> **Exercise aim**
Exercise in exact copying: restate word for word only the lines below from the one containing "Kasey completed her" through the one containing "If the SCAFS", omitting any pictures.

━━━ Provided material ━━━

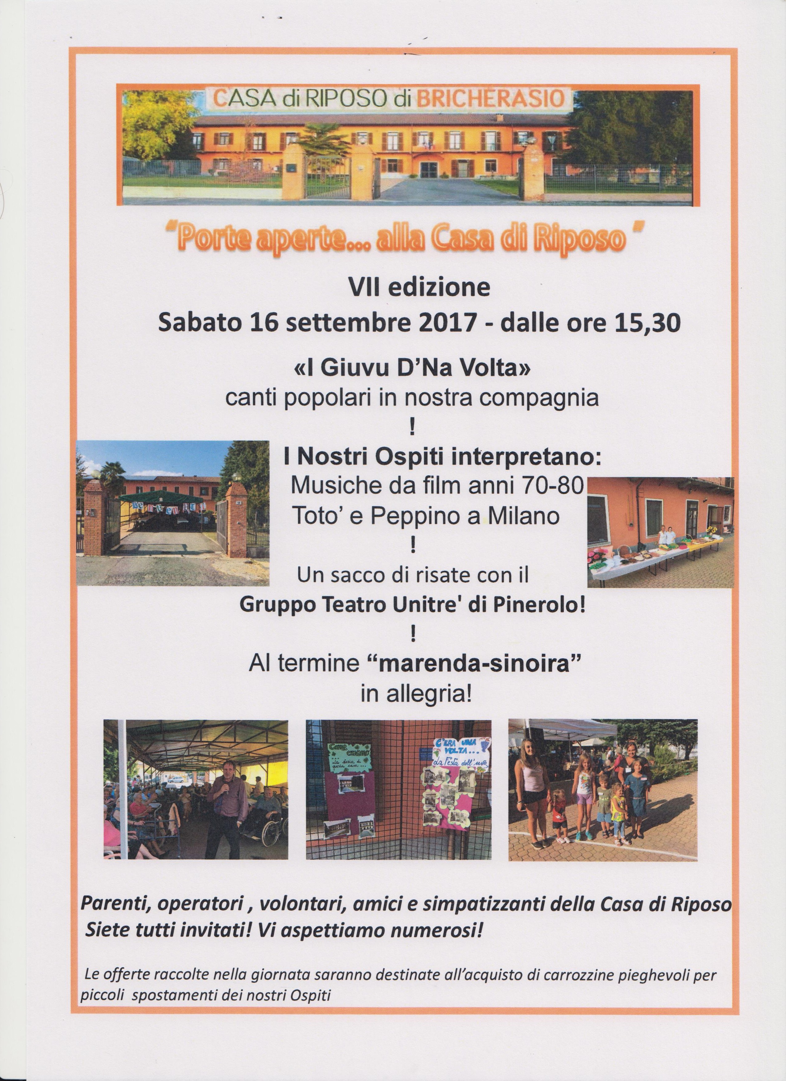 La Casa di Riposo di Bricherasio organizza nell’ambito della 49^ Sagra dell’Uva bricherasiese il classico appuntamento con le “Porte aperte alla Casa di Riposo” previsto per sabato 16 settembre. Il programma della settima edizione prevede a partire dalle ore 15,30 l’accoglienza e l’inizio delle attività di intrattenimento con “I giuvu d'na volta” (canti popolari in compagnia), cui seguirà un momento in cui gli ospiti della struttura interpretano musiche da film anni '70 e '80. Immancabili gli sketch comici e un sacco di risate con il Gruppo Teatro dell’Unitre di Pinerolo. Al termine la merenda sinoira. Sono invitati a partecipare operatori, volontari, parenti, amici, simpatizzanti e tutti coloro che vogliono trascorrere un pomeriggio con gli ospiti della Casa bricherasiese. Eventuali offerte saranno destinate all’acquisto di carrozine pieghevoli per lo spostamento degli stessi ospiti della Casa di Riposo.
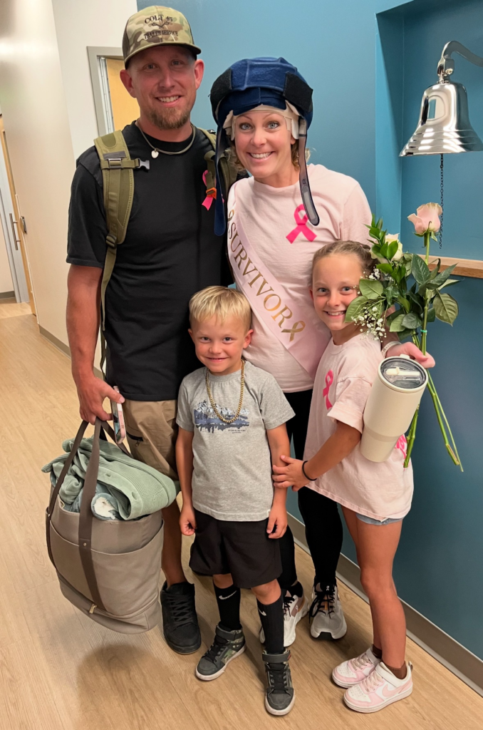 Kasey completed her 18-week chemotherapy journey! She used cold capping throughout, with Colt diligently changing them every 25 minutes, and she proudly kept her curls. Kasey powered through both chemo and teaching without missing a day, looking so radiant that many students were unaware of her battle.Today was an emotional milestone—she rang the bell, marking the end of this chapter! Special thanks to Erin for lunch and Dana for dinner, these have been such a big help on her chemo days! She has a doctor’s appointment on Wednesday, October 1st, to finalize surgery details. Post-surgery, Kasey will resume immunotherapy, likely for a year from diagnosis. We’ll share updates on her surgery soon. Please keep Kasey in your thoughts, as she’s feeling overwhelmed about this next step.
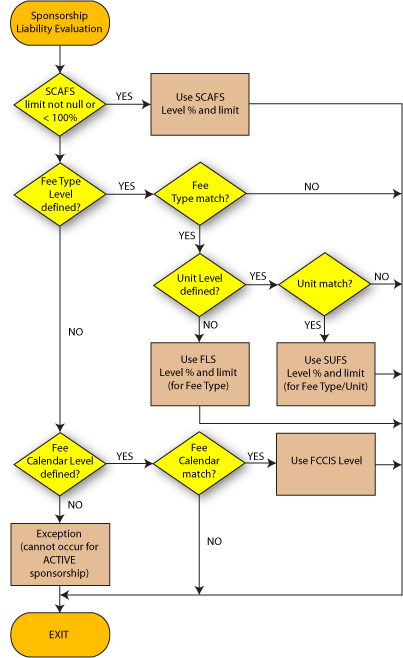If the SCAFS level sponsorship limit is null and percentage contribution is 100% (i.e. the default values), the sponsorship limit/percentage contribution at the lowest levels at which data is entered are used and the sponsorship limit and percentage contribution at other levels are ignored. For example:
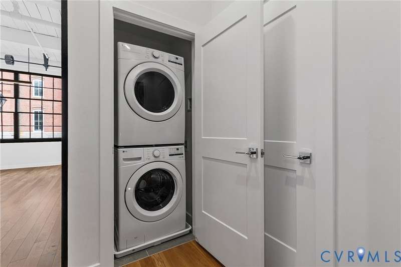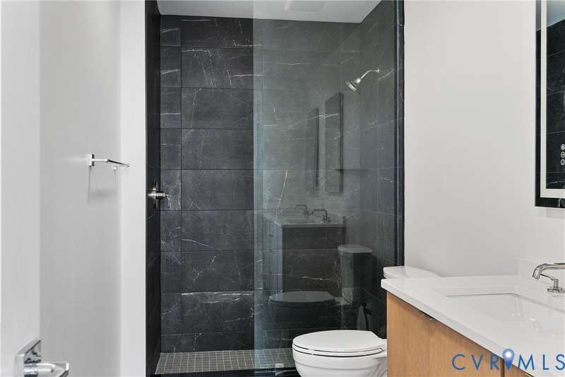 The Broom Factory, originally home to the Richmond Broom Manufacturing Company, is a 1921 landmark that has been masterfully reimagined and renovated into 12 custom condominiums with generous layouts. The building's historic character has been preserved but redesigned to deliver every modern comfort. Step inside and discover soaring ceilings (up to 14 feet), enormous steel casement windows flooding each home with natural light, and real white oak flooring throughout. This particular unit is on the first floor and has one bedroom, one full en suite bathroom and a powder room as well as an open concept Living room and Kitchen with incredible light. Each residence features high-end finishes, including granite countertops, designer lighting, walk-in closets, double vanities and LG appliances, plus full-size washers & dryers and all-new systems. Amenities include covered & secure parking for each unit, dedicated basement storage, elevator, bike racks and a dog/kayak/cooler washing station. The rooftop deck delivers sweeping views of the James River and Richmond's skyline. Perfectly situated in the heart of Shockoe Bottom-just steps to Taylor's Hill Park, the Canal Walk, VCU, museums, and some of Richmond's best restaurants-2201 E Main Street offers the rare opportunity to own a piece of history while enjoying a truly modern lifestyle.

━━━

> **Response to the exercise**
 Kasey completed her 18-week chemotherapy journey! She used cold capping throughout, with Colt diligently changing them every 25 minutes, and she proudly kept her curls. Kasey powered through both chemo and teaching without missing a day, looking so radiant that many students were unaware of her battle.Today was an emotional milestone—she rang the bell, marking the end of this chapter! Special thanks to Erin for lunch and Dana for dinner, these have been such a big help on her chemo days! She has a doctor’s appointment on Wednesday, October 1st, to finalize surgery details. Post-surgery, Kasey will resume immunotherapy, likely for a year from diagnosis. We’ll share updates on her surgery soon. Please keep Kasey in your thoughts, as she’s feeling overwhelmed about this next step.
If the SCAFS level sponsorship limit is null and percentage contribution is 100% (i.e. the default values), the sponsorship limit/percentage contribution at the lowest levels at which data is entered are used and the sponsorship limit and percentage contribution at other levels are ignored. For example:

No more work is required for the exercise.